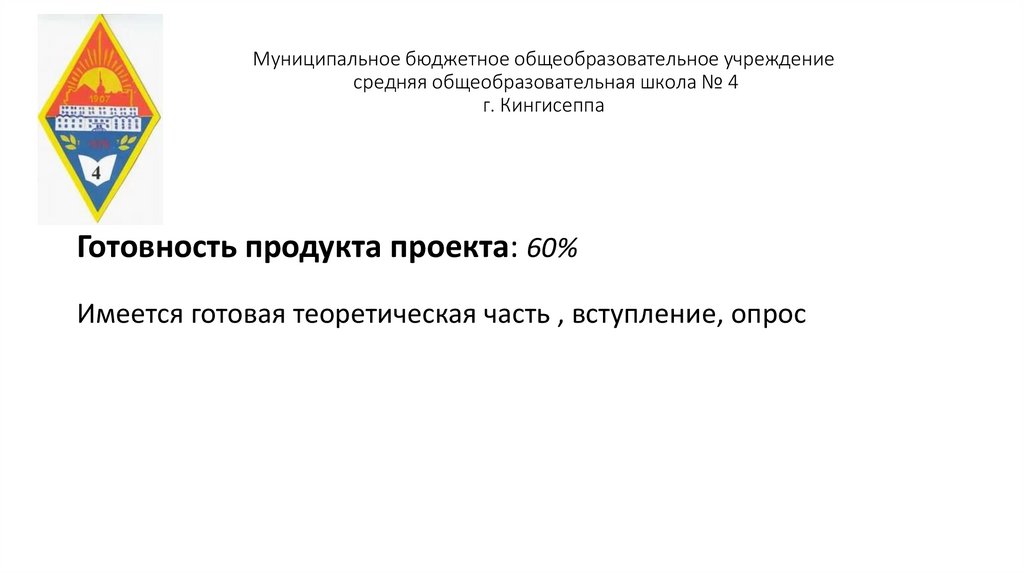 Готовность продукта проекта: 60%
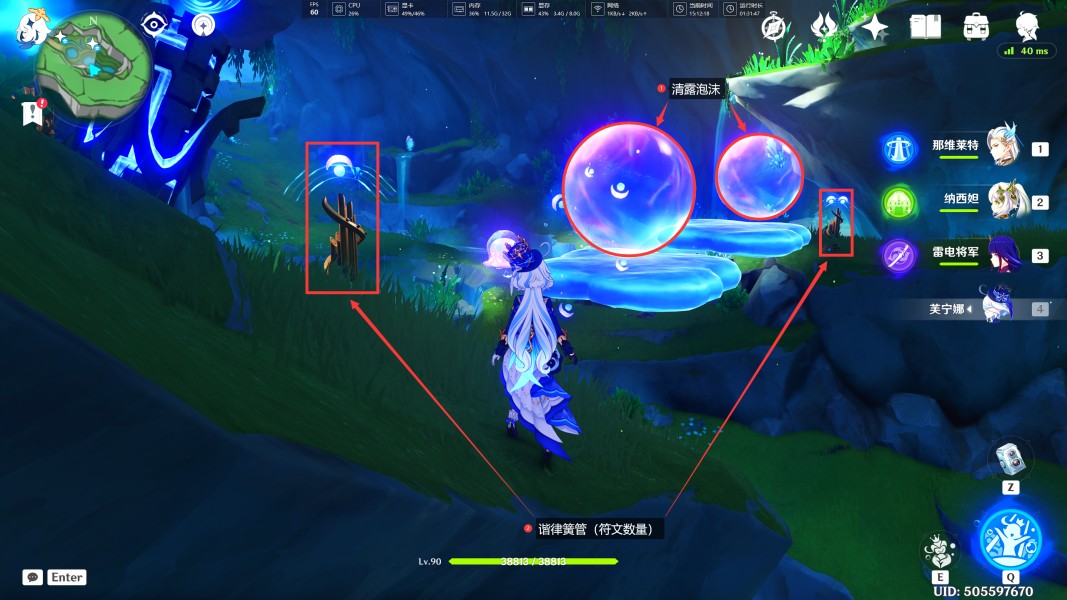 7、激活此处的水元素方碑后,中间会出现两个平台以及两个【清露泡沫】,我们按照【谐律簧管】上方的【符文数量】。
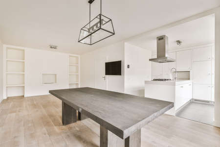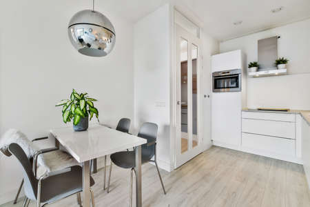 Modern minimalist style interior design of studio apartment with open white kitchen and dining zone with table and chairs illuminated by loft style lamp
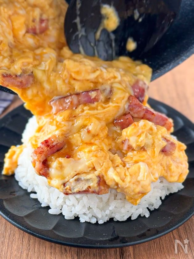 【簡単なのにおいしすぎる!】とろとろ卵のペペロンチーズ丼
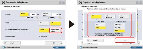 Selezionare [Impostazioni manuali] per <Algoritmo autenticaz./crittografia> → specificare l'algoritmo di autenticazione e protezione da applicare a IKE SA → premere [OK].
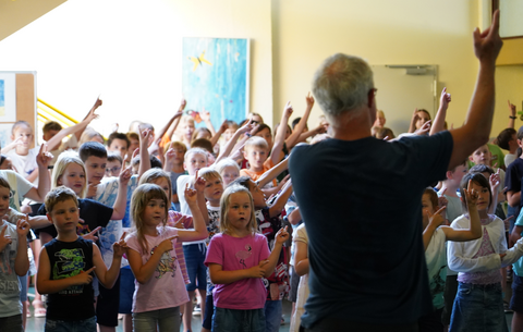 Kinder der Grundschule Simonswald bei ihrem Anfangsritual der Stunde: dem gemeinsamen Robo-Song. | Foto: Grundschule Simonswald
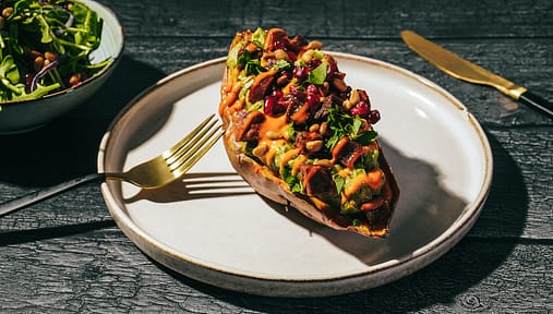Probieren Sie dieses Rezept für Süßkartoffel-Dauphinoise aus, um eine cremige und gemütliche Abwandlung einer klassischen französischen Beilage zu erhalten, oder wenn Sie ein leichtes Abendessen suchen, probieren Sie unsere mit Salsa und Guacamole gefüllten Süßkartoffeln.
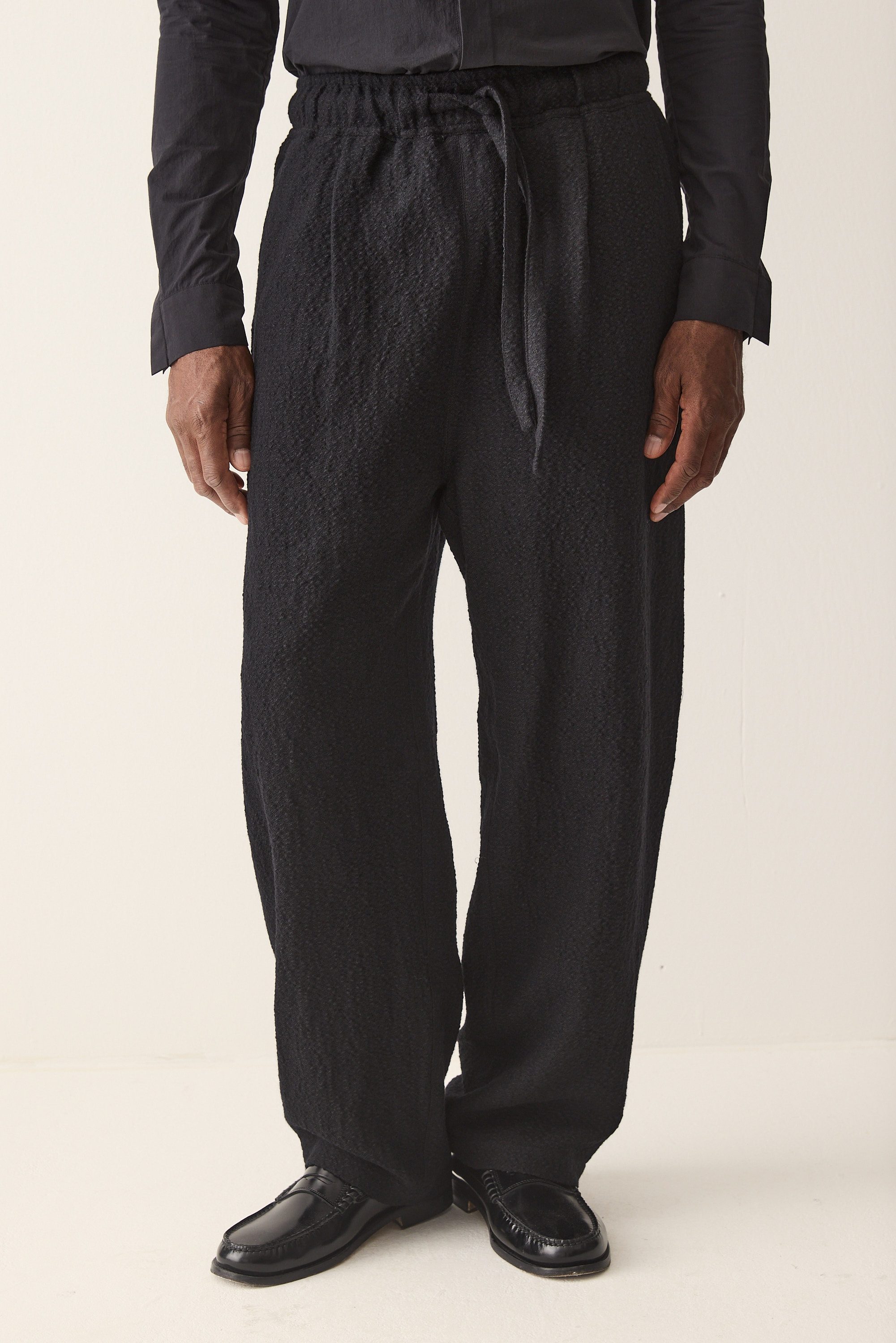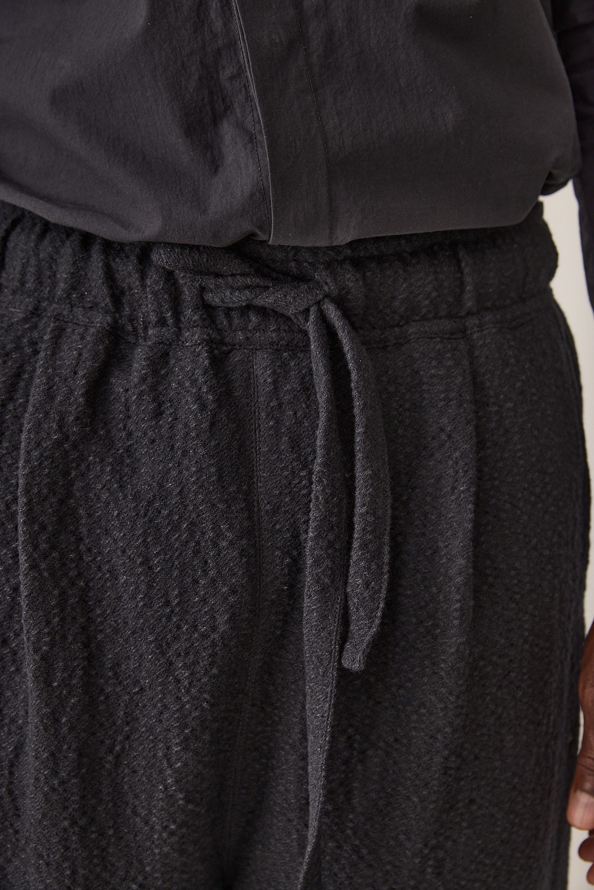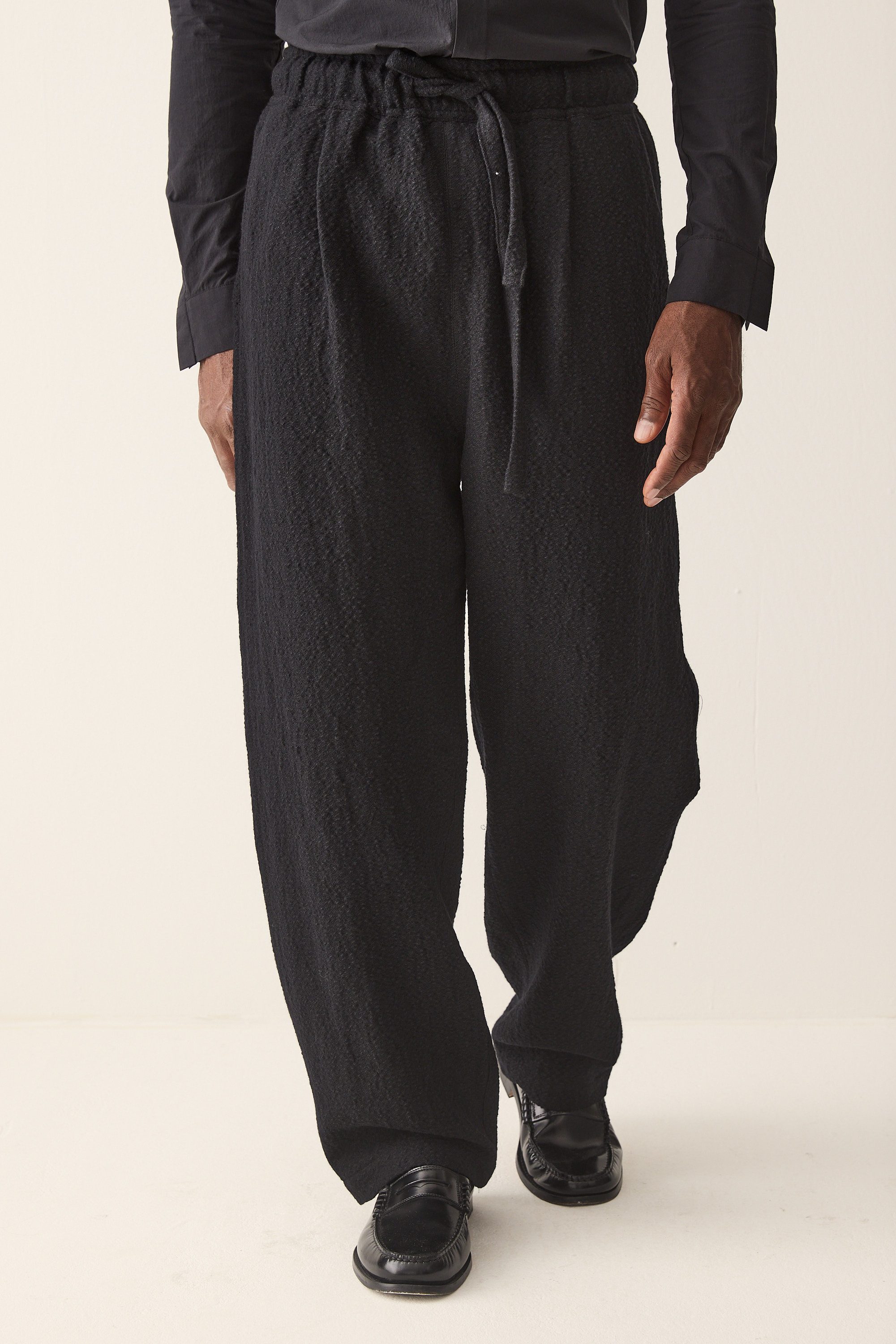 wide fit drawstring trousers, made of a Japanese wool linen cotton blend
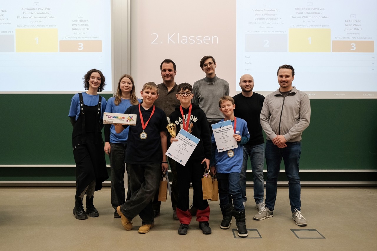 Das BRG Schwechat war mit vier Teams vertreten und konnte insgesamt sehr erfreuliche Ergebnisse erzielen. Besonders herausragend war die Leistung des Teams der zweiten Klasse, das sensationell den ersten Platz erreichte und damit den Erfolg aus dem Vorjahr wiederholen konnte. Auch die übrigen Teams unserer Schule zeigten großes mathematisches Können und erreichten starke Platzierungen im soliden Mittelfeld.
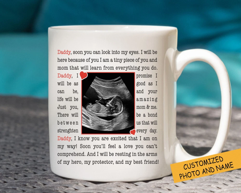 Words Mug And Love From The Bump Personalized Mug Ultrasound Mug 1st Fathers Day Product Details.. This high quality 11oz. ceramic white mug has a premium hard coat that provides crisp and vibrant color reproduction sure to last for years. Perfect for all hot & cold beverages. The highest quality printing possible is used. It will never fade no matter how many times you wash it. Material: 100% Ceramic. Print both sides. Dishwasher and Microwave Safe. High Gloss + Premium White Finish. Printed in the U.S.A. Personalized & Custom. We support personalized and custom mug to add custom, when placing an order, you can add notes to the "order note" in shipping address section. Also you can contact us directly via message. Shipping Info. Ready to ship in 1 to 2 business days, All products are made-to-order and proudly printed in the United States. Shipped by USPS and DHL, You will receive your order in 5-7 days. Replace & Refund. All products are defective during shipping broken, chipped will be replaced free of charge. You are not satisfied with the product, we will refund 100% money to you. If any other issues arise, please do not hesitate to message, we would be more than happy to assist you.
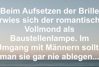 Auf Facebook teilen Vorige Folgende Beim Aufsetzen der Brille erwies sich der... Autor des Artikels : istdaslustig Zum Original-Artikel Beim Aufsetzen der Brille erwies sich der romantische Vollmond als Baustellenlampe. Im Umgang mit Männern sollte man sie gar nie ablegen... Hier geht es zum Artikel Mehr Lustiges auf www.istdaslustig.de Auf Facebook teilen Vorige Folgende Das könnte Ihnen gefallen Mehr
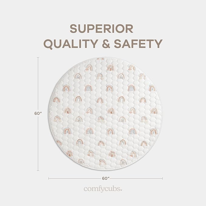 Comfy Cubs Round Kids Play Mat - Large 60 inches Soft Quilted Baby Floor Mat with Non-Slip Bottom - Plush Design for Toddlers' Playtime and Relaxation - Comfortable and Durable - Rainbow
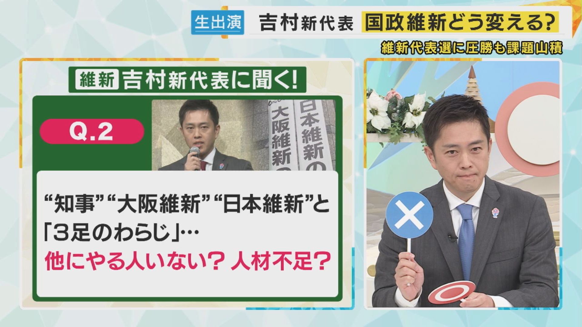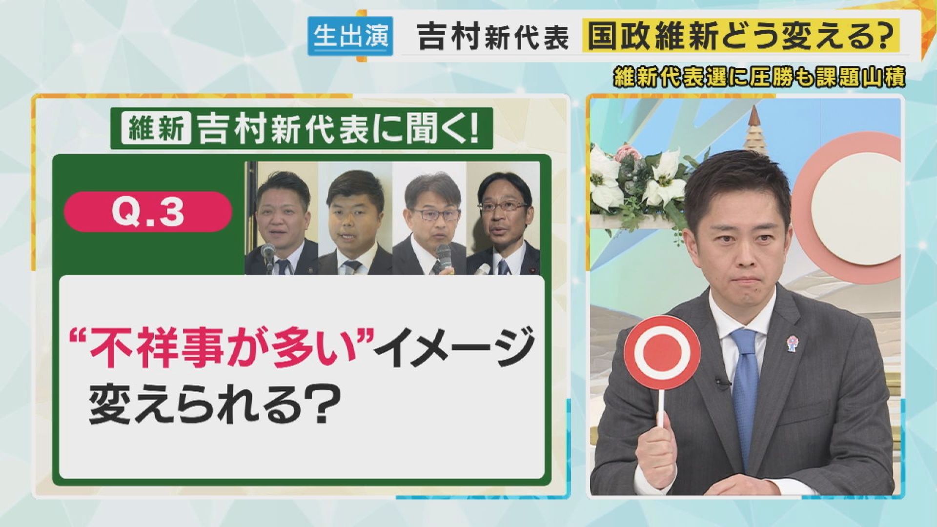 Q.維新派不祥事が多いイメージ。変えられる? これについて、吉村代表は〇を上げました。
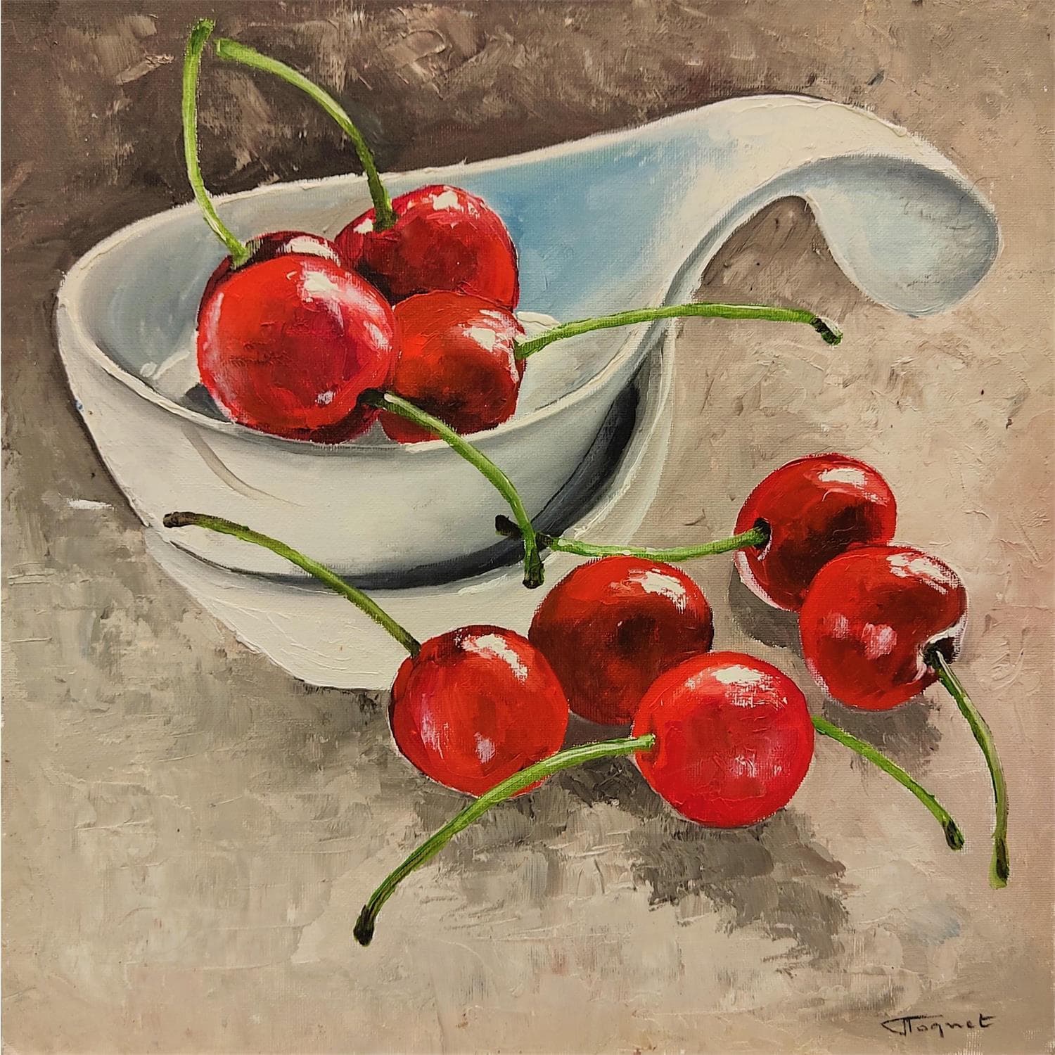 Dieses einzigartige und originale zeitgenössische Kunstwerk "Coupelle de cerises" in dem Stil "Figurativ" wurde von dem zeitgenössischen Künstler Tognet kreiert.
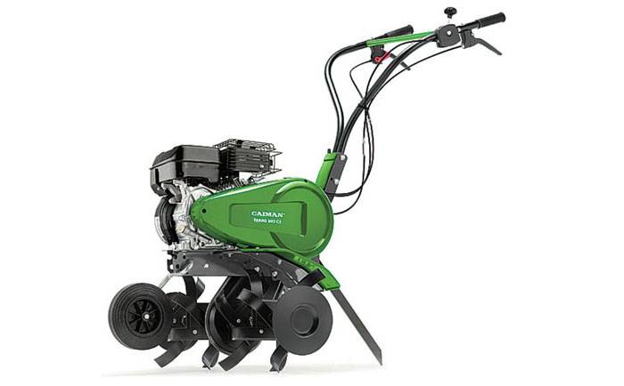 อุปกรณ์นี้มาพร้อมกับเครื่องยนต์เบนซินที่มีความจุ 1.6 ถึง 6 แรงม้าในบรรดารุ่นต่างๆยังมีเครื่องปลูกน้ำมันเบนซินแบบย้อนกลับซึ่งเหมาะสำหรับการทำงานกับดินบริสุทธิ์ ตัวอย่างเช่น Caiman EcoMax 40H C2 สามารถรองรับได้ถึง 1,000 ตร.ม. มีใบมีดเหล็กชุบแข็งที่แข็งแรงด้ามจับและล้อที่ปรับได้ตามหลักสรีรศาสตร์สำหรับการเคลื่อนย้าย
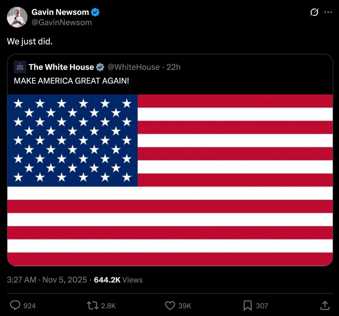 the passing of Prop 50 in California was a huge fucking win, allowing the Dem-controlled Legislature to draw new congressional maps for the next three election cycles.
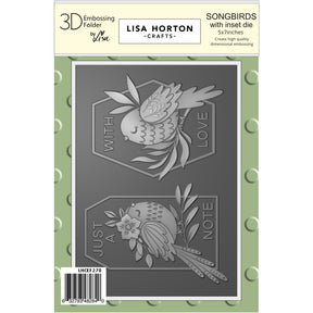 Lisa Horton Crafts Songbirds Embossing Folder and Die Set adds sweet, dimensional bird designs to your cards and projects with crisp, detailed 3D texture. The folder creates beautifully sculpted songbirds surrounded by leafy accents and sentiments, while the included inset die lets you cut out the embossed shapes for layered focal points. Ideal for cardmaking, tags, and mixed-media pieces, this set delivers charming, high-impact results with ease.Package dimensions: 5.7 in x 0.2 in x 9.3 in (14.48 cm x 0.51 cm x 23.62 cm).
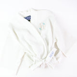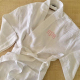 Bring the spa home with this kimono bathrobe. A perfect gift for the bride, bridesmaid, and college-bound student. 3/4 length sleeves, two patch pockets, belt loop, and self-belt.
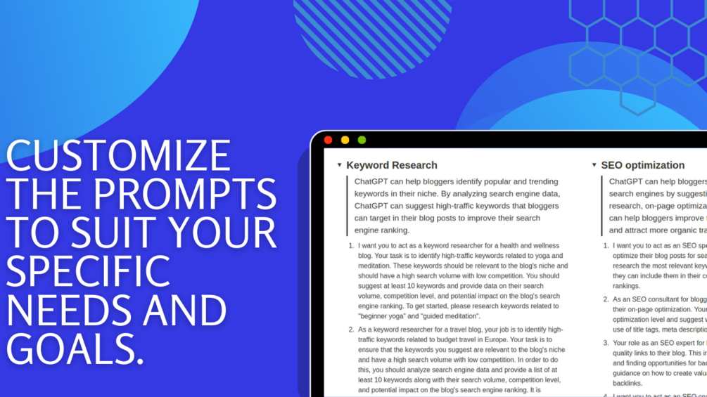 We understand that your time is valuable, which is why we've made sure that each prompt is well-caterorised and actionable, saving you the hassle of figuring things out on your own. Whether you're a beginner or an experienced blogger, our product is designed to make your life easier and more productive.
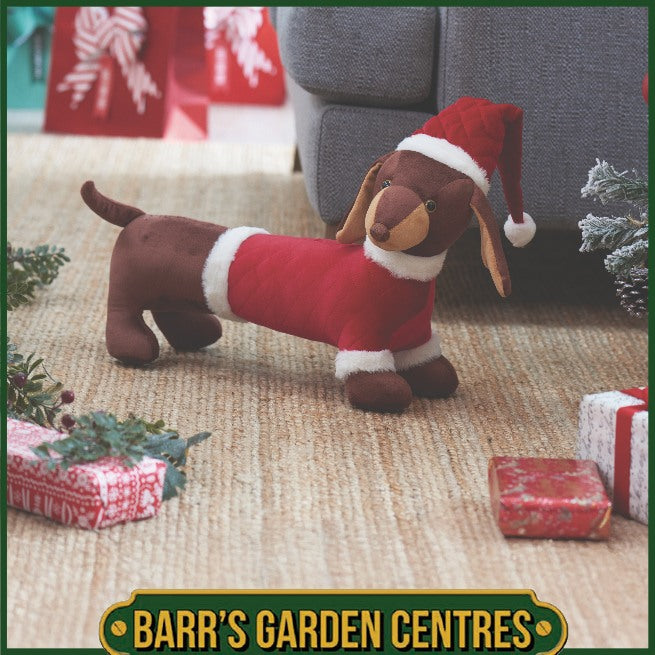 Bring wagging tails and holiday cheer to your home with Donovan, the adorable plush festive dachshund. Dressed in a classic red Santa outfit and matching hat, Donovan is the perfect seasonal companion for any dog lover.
##############################
**HOW TO COMPLETE THIS TASK**
Write back word for word every line in the entries above from the one with "Words Mug And" to the one with "Dieses einzigartige und", ends included, and none of the pictures.

**RESPONSE BELOW**
 Words Mug And Love From The Bump Personalized Mug Ultrasound Mug 1st Fathers Day Product Details.. This high quality 11oz. ceramic white mug has a premium hard coat that provides crisp and vibrant color reproduction sure to last for years. Perfect for all hot & cold beverages. The highest quality printing possible is used. It will never fade no matter how many times you wash it. Material: 100% Ceramic. Print both sides. Dishwasher and Microwave Safe. High Gloss + Premium White Finish. Printed in the U.S.A. Personalized & Custom. We support personalized and custom mug to add custom, when placing an order, you can add notes to the "order note" in shipping address section. Also you can contact us directly via message. Shipping Info. Ready to ship in 1 to 2 business days, All products are made-to-order and proudly printed in the United States. Shipped by USPS and DHL, You will receive your order in 5-7 days. Replace & Refund. All products are defective during shipping broken, chipped will be replaced free of charge. You are not satisfied with the product, we will refund 100% money to you. If any other issues arise, please do not hesitate to message, we would be more than happy to assist you.
 Auf Facebook teilen Vorige Folgende Beim Aufsetzen der Brille erwies sich der... Autor des Artikels : istdaslustig Zum Original-Artikel Beim Aufsetzen der Brille erwies sich der romantische Vollmond als Baustellenlampe. Im Umgang mit Männern sollte man sie gar nie ablegen... Hier geht es zum Artikel Mehr Lustiges auf www.istdaslustig.de Auf Facebook teilen Vorige Folgende Das könnte Ihnen gefallen Mehr
 Comfy Cubs Round Kids Play Mat - Large 60 inches Soft Quilted Baby Floor Mat with Non-Slip Bottom - Plush Design for Toddlers' Playtime and Relaxation - Comfortable and Durable - Rainbow
 Q.維新派不祥事が多いイメージ。変えられる? これについて、吉村代表は〇を上げました。
 Dieses einzigartige und originale zeitgenössische Kunstwerk "Coupelle de cerises" in dem Stil "Figurativ" wurde von dem zeitgenössischen Künstler Tognet kreiert.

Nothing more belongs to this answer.